Task goal: After finding "New RYOUCUTE 100%" in the material below, output its line and every line after it through the last, exactly, but not the pictures.

Data excerpt:
────────────────
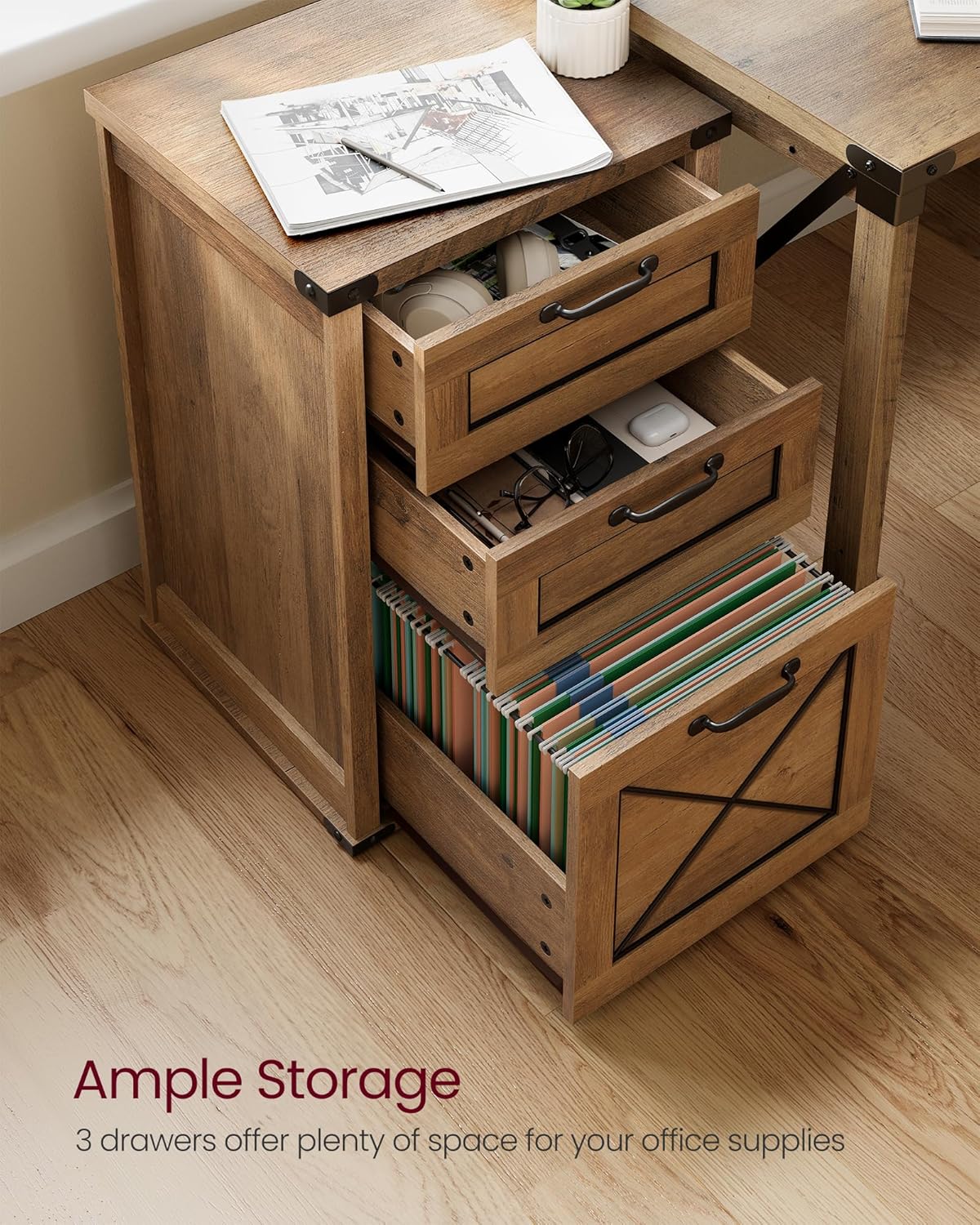 VASAGLE File Cabinet, Filing Cabinet with 3 Drawers, Printer Stand, Fit A4, Letter Size, Hanging File Folders, Modern Farmhouse Style, for Home Office, Honey Brown UOFC054T41
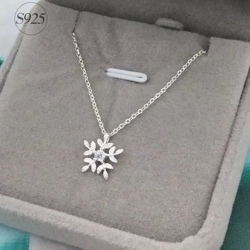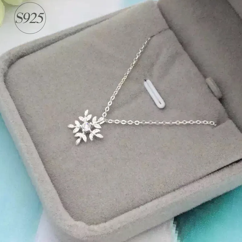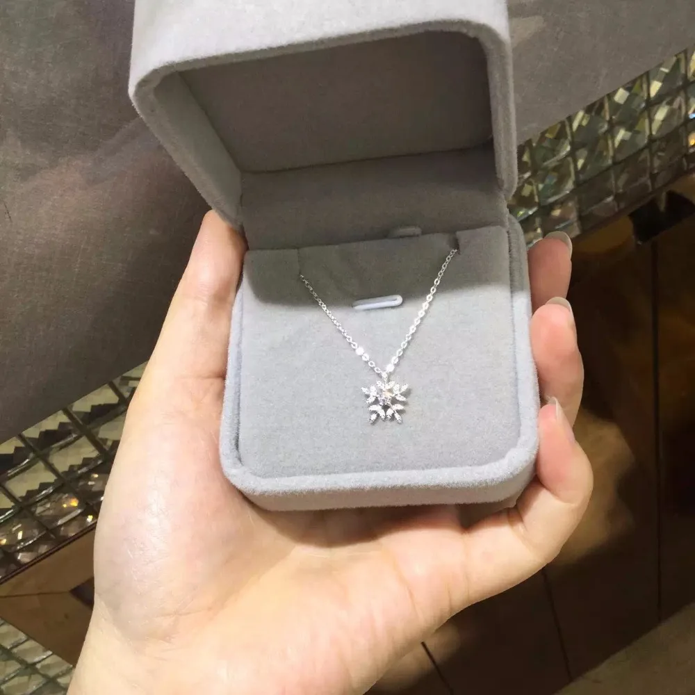 New RYOUCUTE 100% Real Pure New 925 Sterling Silver Zirconia Snowflake Necklaces Pendants for Women Wed
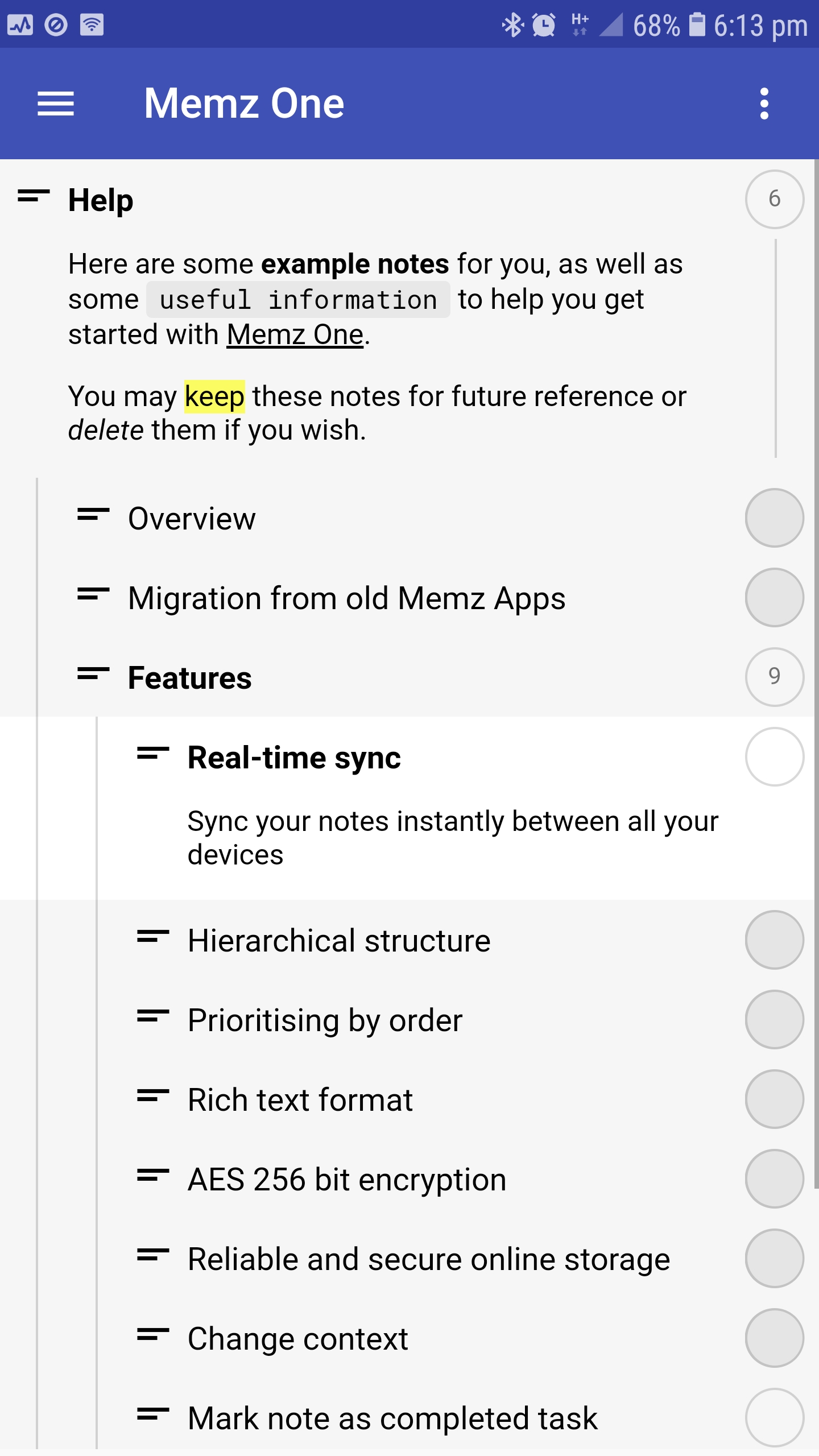I have been using Memz for several years now and it just keeps getting better! I use Memz for literally all my information management needs! From calendar to meeting notes, diary to contacts, business management to prayerlist, Memz handles it all and looks fantastic as well! Memz adapts to whatever your note taking needs may be. I have over 3000 notes, each in its proper place due to its unique hierarchy method. Is multi word search and user friendly note placement makes it easy to find whatever I need, all without compromising the apps performance. Encrypted security allows me to know my sensitive information is safe and secure! It just doesn’t get any better than that!
────────────────
Solution below:
 New RYOUCUTE 100% Real Pure New 925 Sterling Silver Zirconia Snowflake Necklaces Pendants for Women Wed
I have been using Memz for several years now and it just keeps getting better! I use Memz for literally all my information management needs! From calendar to meeting notes, diary to contacts, business management to prayerlist, Memz handles it all and looks fantastic as well! Memz adapts to whatever your note taking needs may be. I have over 3000 notes, each in its proper place due to its unique hierarchy method. Is multi word search and user friendly note placement makes it easy to find whatever I need, all without compromising the apps performance. Encrypted security allows me to know my sensitive information is safe and secure! It just doesn’t get any better than that!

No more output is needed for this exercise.